GCSE PE Practical Moderation – Tips & Tricks

Perhaps the most important day of the year on the Physical Education department calendar – Practical Moderation. Known to give many teachers and pupils sleepless nights, this day can define pupil grades and shape teacher performance reviews. Needless to say, it is important to get it right. We have come up with a number of tips and suggestions to make your practical moderation run smoothly this year.

1. Ensure that you have a practice moderation day. No matter how many lessons you spend talking through the moderation procedure with your pupils, there is no way that they will fully understand the process until they have taken part themselves. A practice moderation day will mean that all pupils are fully aware of the sports that they will be performing in, and also the drills and activities that they will be undertaking. This will make sure that there is a smooth transition between sessions, impressing the moderator and putting your pupils at ease. You want every moment possible to show off your pupils’ ability in each sport, needlessly explaining drills and organising teams will only hinder this.
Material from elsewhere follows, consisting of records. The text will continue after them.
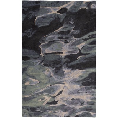 HomeRoots 2' X 3' Blue and Black Wool Abstract Hand Tufted Area Rug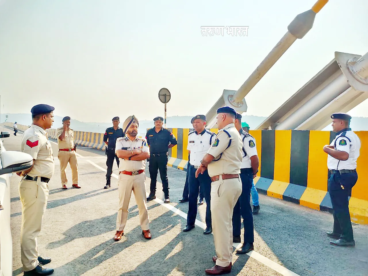 राज्याचे मुख्यमंत्री डॉ. प्रमोद सावंत व सार्वजनिक बांधकाम खात्याचे मंत्री निलेश कार्बाल यांनी गुरूवारी झुआरी नदीवरील नवीन पुलाची पाहणी केल्यानंतर व उद्घाटनाचा कार्यक्रम जाहीर केल्यानंतर काल शुक्रवारी राज्याचे पोलीस महासंचालक जसपाल सिंग यांनीही आपल्या अधिकाऱयांसमवेत या पुलावरील एकूण व्यवस्थेची पाहणी केली व आपल्या अधिकाऱयांना वाहतुकीसंबंधी मार्गदर्शन केले. पहिल्या टप्प्यातील चौपदरी पुलाचे उद्घाटन येत्या गुरूवारी 29 रोजी केंद्रीयमंत्री नितीन गडकरी यांच्या हस्ते होणार आहे. काल शुक्रवारी पोलीस महासंचालक जसपाल सिंग यांनी दक्षिण गोवा वाहुतक पोलीस उपअधीक्षक प्रबोध शिरवईकर, पोलीस निरीक्षक शैलेश नार्वेकर, दिलीप बिल्डकॉन कंपनीचे अधिकारी व इतरांसमवेत पाहणी केली. जसपाल सिंग यांनी यावेळी पोलीस व दिलीप बिल्डकॉन कंपनीच्या अधिकाऱयांना आवश्यक सुचनाही केल्या.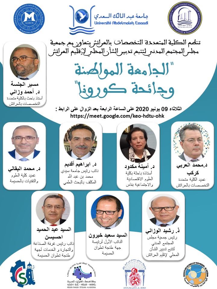 تنظم الكلية متعددة التخصصات بالعرائش بتعاون مع جمعية مجلس المجتمع المدني لتتبع تدبير الشأن المحلي بإقليم العرائش ندوة علمية رقمية تحت عنوان : "الجـامعة المغـربية المواطنة و جائحة كورونا" بضيافة نخبة من الاسماء العلمية والسياسية والاقتصادية والاجتماعية الوازنة والفاعلة على الصعيد الوطني. رابط الندوة الرقمية المبرمجة يوم الثلاثاء 9 يونيو 2020 على الساعة الرابعة مساء عبر تطبيق GOOGLE MEET: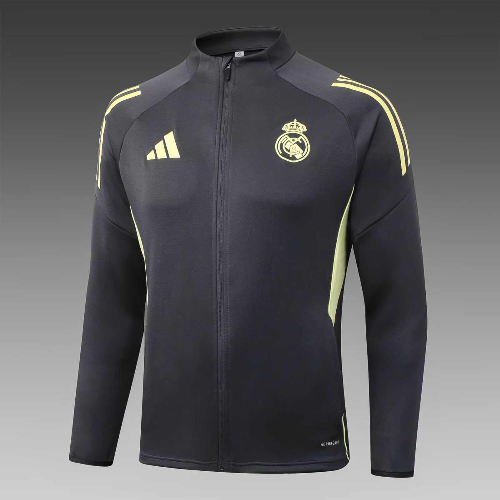 2025/2026 Real Madrid Long Zipped Jacket Dark Gray Football Shirt Set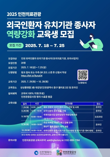 [뉴스노크=김인호 기자] 인천광역시와 인천관광공사는 지역 의료관광 산업의 경쟁력 강화하기 위해 '2025년 인천 의료관광 전문 인력 육성 교육'을 실시한다고 29일 밝혔다.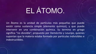 El documento describe la estructura del átomo, incluyendo que está compuesto de un núcleo central con protones y neutrones, y electrones en una corteza exterior. Explica que los átomos se diferencian por la cantidad y distribución de estas partículas subatómicas. También menciona el modelo de Bohr en el que los electrones orbitan alrededor del núcleo atómico.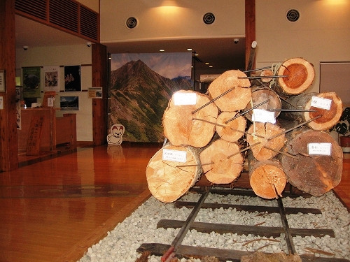 - 館内の展示の風景。馬鉄により地元産のスギ、ヒノキ、サワラ、モミなどが運び出されていた。奥が、白籏さんの山岳写真の展示場。

“Give ample opportunity for pupils to show what level they are capable of performing at”

2. Skills in isolation should be both differentiated and pressurised. The lead examiner reports for Edexcel, AQA and OCR in 2018 all lean towards the fact that higher end pupils need to be given a chance to give higher achieving pupils a chance to show their ability. For example in netball, more able pupils may be given an isolated drill with more defenders or a smaller space than their weaker counterparts.
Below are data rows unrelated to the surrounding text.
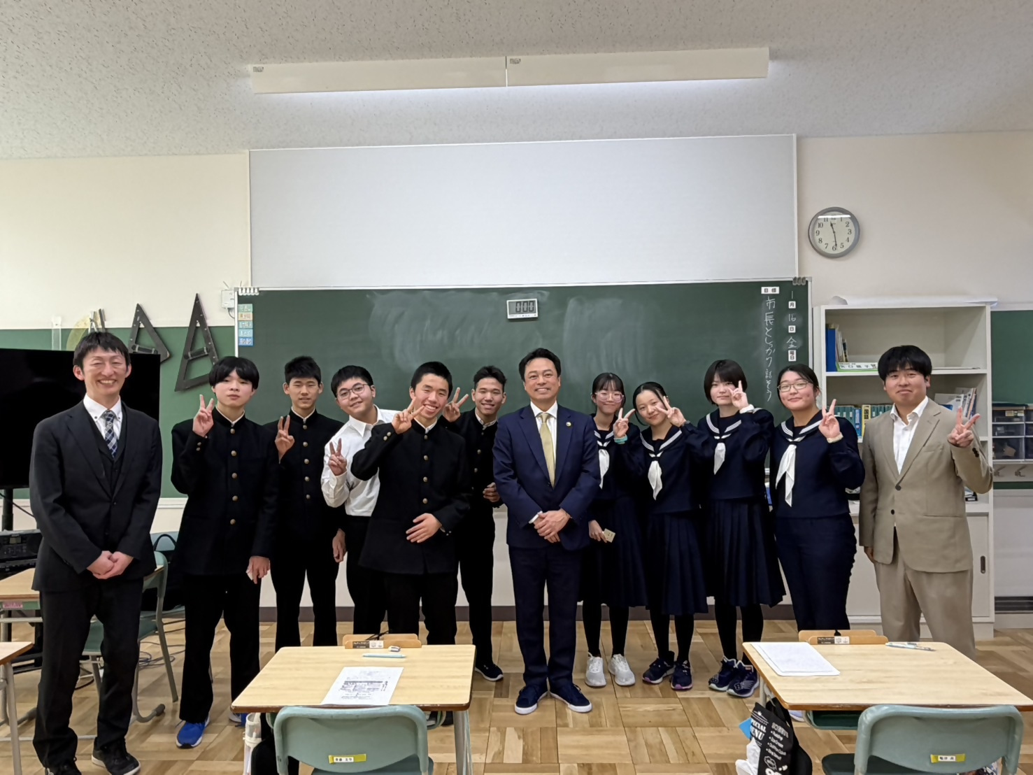 苫小牧市立和光中学校で「市長とスクールミーティング」を行いました。自分たちが住んでいる地域や市の課題について生徒の皆さんからさまざまな提言をいただき、本市としてのこれまでの取り組みや、まちづくりの思いを生徒の皆さんに伝えることができました。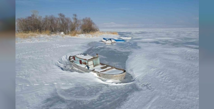 SERHED HABER- Nemrut Krater Gölü başta olmak üzere Aygır, Nazik ve Arin gölleri ile çevredeki sulak alanlar buzla kaplanarak ortaya eşsiz görüntüler çıkardı.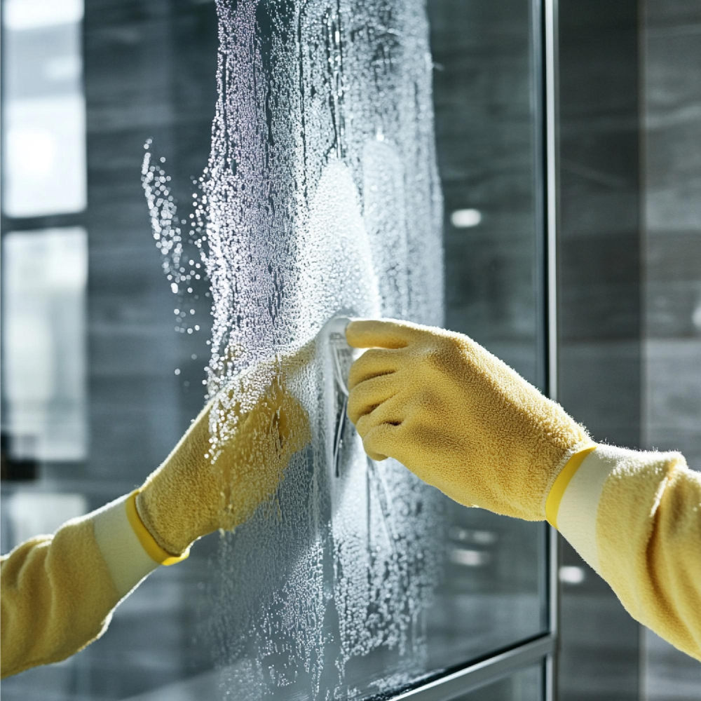 Anschließend wird die Glasfläche mit einem sauberen Mikrofasertuch gleichmäßig gereinigt. Wichtig ist eine ruhige, gleichmäßige Bewegung – idealerweise von oben nach unten oder in leicht geschwungenen Bahnen. So wird verhindert, dass Reinigungsmittel ungleichmäßig verteilt wird.

Overall, the skills session can be short and snappy, but must give ample opportunity for pupils to show what level they are capable of performing at. There is no requirement to bring in extra pupils for the isolated skills, but having more pupils involved may put candidates at ease and will also make it easier for the moderator to recognise the level of performance.
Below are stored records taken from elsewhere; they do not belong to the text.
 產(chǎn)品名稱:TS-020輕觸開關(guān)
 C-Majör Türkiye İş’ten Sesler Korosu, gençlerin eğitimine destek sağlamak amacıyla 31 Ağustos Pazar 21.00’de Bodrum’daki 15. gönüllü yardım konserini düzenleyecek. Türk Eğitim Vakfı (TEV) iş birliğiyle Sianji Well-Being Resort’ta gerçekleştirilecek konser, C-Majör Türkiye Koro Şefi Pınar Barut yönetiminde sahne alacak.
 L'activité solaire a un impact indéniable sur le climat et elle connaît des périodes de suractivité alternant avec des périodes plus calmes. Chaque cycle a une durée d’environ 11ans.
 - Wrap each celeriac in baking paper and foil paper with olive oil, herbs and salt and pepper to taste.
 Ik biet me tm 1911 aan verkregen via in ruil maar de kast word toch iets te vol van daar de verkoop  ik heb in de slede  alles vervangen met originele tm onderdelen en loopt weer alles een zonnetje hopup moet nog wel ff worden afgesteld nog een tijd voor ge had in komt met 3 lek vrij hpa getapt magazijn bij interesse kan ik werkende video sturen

3. Draft in your superstars. For games activities it is likely that you will be required to involve other pupils at the school in order to make up a full-sided match. There is an argument to be had here in regard to bringing in mediocre performers who may make your GCSE PE candidates look even better. This is a risky strategy. The moderator will want to see a high level of performance and may well be impressed by a high-quality game rugby, football, netball etc. If you have graded your pupils highly, they need to be given a chance to show the moderator how good they are; and the only way that this is possible is against high quality opposition.

“Don’t let your pupil be the victims of your modesty”

4. Don’t be modest with your grades. Worried about giving your pupils too high a grade? Don’t be! You are a professional in your field and see pupils taking part in sport every day. If you think a pupil is worth full marks in a particular sport, then go with it. If your marking is a slightly generous, chances are no changes will be made. If your marking is very generous, the moderator may bring your grades down, but there is no shame in this and it should be seen as a learning curve. Remember that the moderator is unlikely to bring your grades up, so don’t let your pupil be the victims of your modesty!


5.Don’t coach or teach. As PE practitioners it is very difficult not to give the odd bit of advice and coaching during moderation. However, this is not allowed and if the moderator thinks that you have helped improve a pupil’s performance, they may actually bring their grade down. For this day only, you must see yourself as an organiser rather than a teacher. As mentioned earlier, a practice moderation day will go a long way to ensuring that your input is minimal on the day.


6.Get your player numbers up. Many schools only have small cohorts when it comes to GCSE PE, without the luxury of having enough players to play full-sided matches. For each sport there is a minimum amount of players that must be used in a match situation, for example in football the minimum amount of players is 7v7 (although this must still be on a full pitch). Playing small sided matches undoubtedly hinders your pupils’ chances of showing their ability because a large part of the grade is based on tactical awareness. If a pupil is playing 7-a-side football they will of course find it almost impossible to show the tactics and strategies required for an 11-a-side match. Make up the numbers with other pupils in the school, even if from different year groups if necessary.


7.Enjoy it! See the moderation day as a chance to show off your outstanding PE pupils! If you relax and spend the day with a smile on your face, your pupils will follow suit and give a better overall performance.